Reproduce the listing exactly. Omit pictures.

> [DATASET SECTION]:
- - -
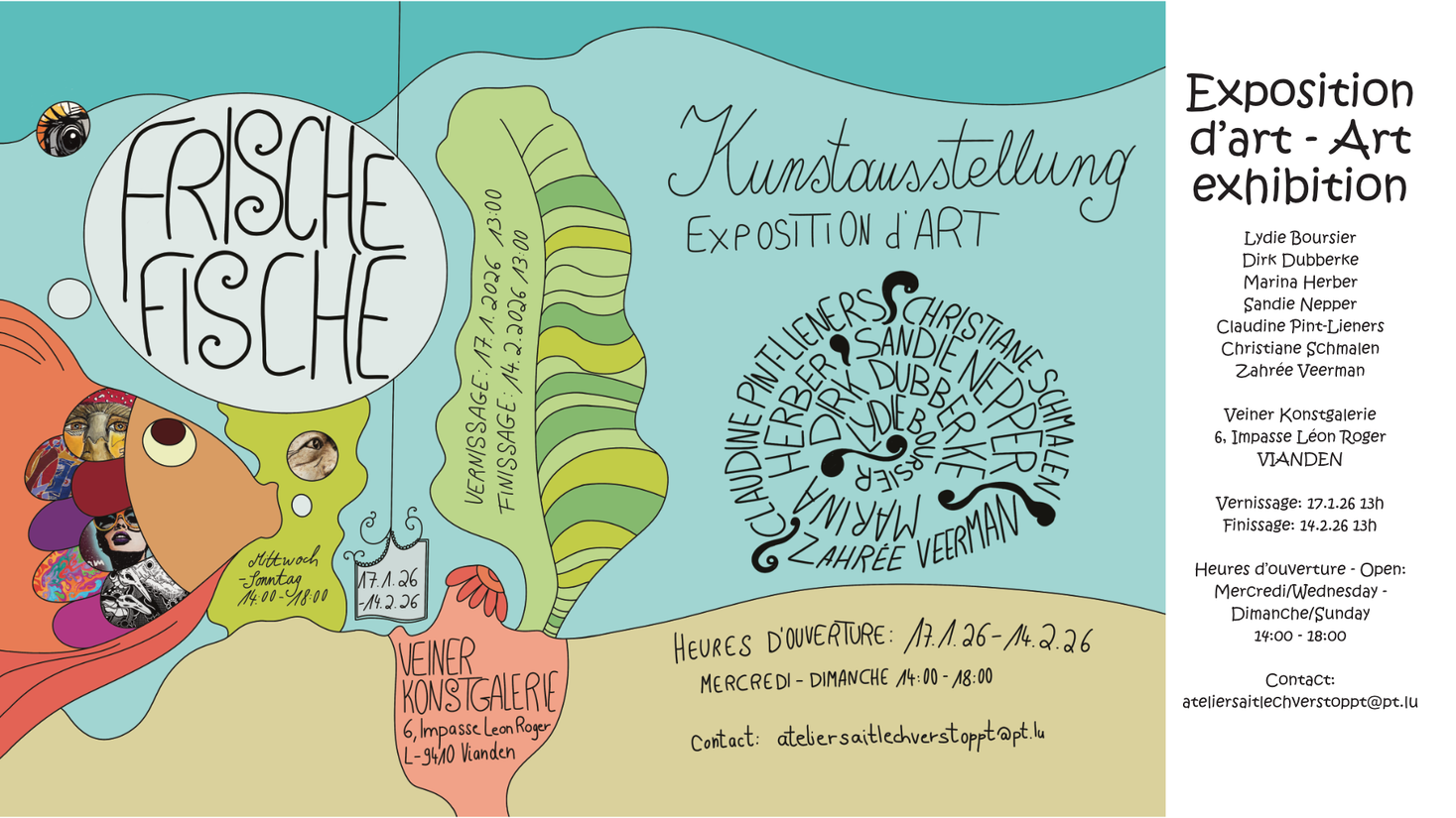 Künstler: Lydie Boursier, Dirk Dubberke, Marina Herber, Sandie Nepper, Claudine Pint-Lieners, Christiane Schmalen, Zahrée Veerman
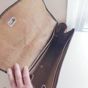 This is a beautiful caramel leather purse covered in hand done tooling. It's got a brass turn closure thingy and little feet on the bottom, and 3 inside pockets. It's unlined and the leather is stiff and sturdy. The strap isn't very adjustable but is a good all around length.
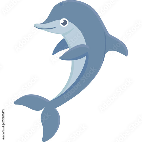 © kirana, Fototapeta premium Cartoon Dolphin Swimming Gracefully With A Gentle Smile On A Transparent Background
- - -
> [ANSWER FOR THIS EXERCISE]:
 Künstler: Lydie Boursier, Dirk Dubberke, Marina Herber, Sandie Nepper, Claudine Pint-Lieners, Christiane Schmalen, Zahrée Veerman
 This is a beautiful caramel leather purse covered in hand done tooling. It's got a brass turn closure thingy and little feet on the bottom, and 3 inside pockets. It's unlined and the leather is stiff and sturdy. The strap isn't very adjustable but is a good all around length.
 © kirana, Fototapeta premium Cartoon Dolphin Swimming Gracefully With A Gentle Smile On A Transparent Background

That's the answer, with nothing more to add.